Longitudinal growth becomes harder to measure because the rate at which students grow intellectually slows, because the teachers become less invested in the individual students, and because the bulk of what we do measure is within course learning. At the college level, ePortfolios are not about longitudinal growth. Instead, they are about “measuring competencies” via “genuine assessment.” In other words, ePortfolios are about setting a bar and seeing whether the student has cleared it. I’ve written a prior critique about measurement of this sort, about the interrelationship between where the bar is set and what to do about the imprecision in measurement, particularly as it pertains to the performance of students in the gray zone near the bar. I don’t see those advocating for the evidentiary approach talking about this issue much if at all. They should. Here, I’m going to push on.
There are some disciplines where a portfolio approach has a long tradition, e.g. design and writing studies, and instructors in those fields may be drawn by instinct to ePortfolios and welcome the technology for this purpose. But in many other fields an ePortfolio approach is alien, with traditional testing much more common. Faculty in such fields show little interest in ePortfolios and in the evidentiary approach more broadly. The push for this is coming from elsewhere.

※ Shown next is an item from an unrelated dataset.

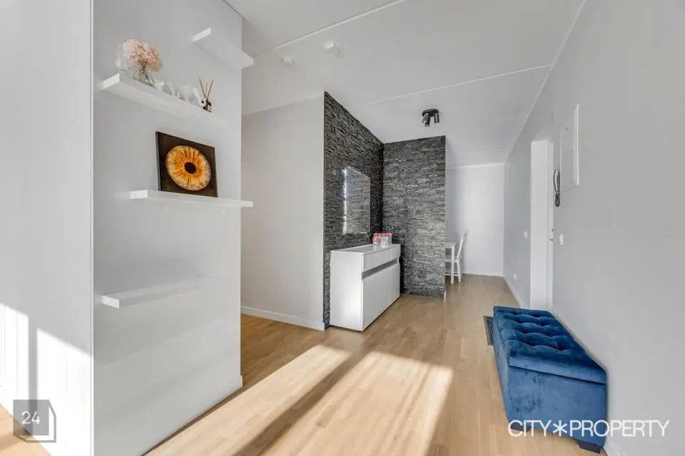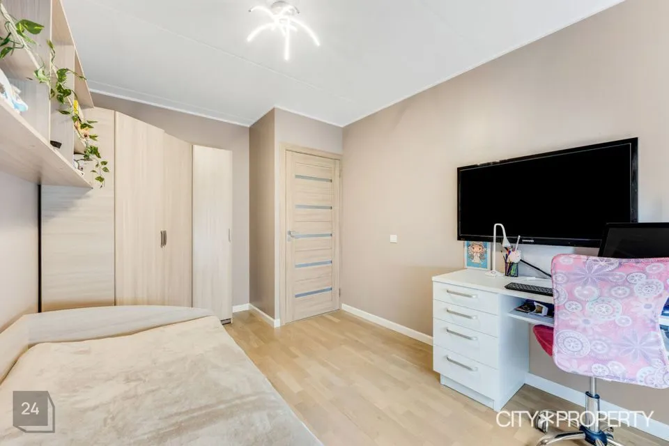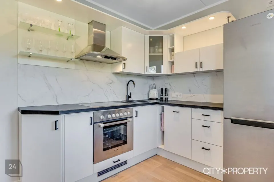 Kodu koosseisu kuuluvad: esik, ruumikas elutuba, kaks eraldi magamistuba, vannituba ja tualett koos ning avar köök pääsuga rõdule. Korter on renoveeritud, siseviimistlus on kaasaegsetes heledates värvitoonides, põrandal hele puitparkett. Vannituba kontrastse tumeda ja puiduse disainiga.

It is coming from the Department of Education, the Spellings Commission Report on Higher Education, the various state and local governments who have become increasingly stingy about funding public higher education (this link requires access to the Chronicle), and from the accrediting agencies, who are feeling the heat from these other sources. As one of my colleagues in the Finance department here put it, we’re driven by a yuppie culture, consumerist to the extreme, where the key to any financial transaction from the buyer view is understanding what you’re paying for. With college tuition so high and still rising at a hyperinflationary rate, the consumerism demands an answer. That is the core driver.

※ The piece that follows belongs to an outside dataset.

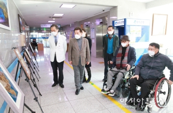 아시아통신 박해웅 기자 | 구충곤 화순군수가 21일 호남권역재활병원을 방문해 장애인·비장애인이 함께하는 ‘제7회 호남권역재활병원 어울림展’ 참여 작가들을 응원했다.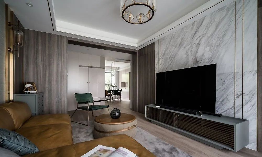 客厅,灰蓝色的电视柜,木栅格的条纹,在白色大理石与木饰面的色块背景下,产生清爽轻盈的视觉体验。

The traditional approach has been a trust model, where at each point in the hierarchy there is some activity that indirectly affects quality assurance of teaching and learning. For example, academic departments put in huge effort on recruiting faculty. Recruitment is a big deal. Promotion and tenure, another big deal, gets reviewed at multiple levels --- department, college, and campus. Those and salary review are the main mechanisms for quality assurance. They are all indirect. As a faculty member, I have an ethical responsibility to teach my courses where the content is correct for the course listing and where the teaching approach is suitable for students at that level. Usually, there is not direct monitoring of that, but only the indirect results from course evaluation, which feeds into the other indirect mechanisms, and the write ups by the instructor to document their teaching at the various junctures where they are evaluated along their career path.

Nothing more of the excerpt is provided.